2. The polycarbonate composition according to claim 1, characterized in that, The polycarbonate has a number average molecular weight of 18,000-32,000.
3. The polycarbonate composition according to claim 1, characterized in that, The silicon content of the siloxane polycarbonate is 6%-10%.
4. The polycarbonate composition according to claim 1, characterized in that, The triazine ultraviolet absorber is selected from at least one of the hydroxyphenyltriazine class.

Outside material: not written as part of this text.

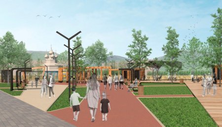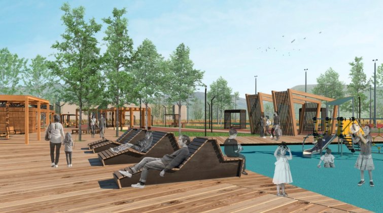 На выбранном участке в случае победы начнется строительство масштабной общественной зоны для всех возрастных групп населения. Наполнение территории будет с различными архитектурными формами и зонами:

5. The polycarbonate composition according to claim 1, characterized in that, The polycarbonate composition contains 0.1%-0.8% phthalocyanine green by mass.
6. The polycarbonate composition according to claim 1, characterized in that, The degree of crosslinking of the crosslinked styrene-acrylonitrile copolymer is 45%-80%.
7. The polycarbonate composition according to claim 1, characterized in that, The product also includes 0.02-0.4 parts by weight of hindered phenolic antioxidants; the hindered phenolic antioxidants are selected from at least one of monophenolic antioxidants, bisphenolic antioxidants, polyphenolic antioxidants, and thiobisphenolic antioxidants.
8. A method for preparing a polycarbonate composition according to any one of claims 1-7, characterized in that, Includes the following steps: The components are stirred and mixed according to the formula to obtain a premix. The premix is then fed into a twin-screw extruder for melt mixing and extrusion granulation to prepare a polycarbonate composition.
9. A transparent component, characterized in that, Includes the polycarbonate composition according to any one of claims 1-7.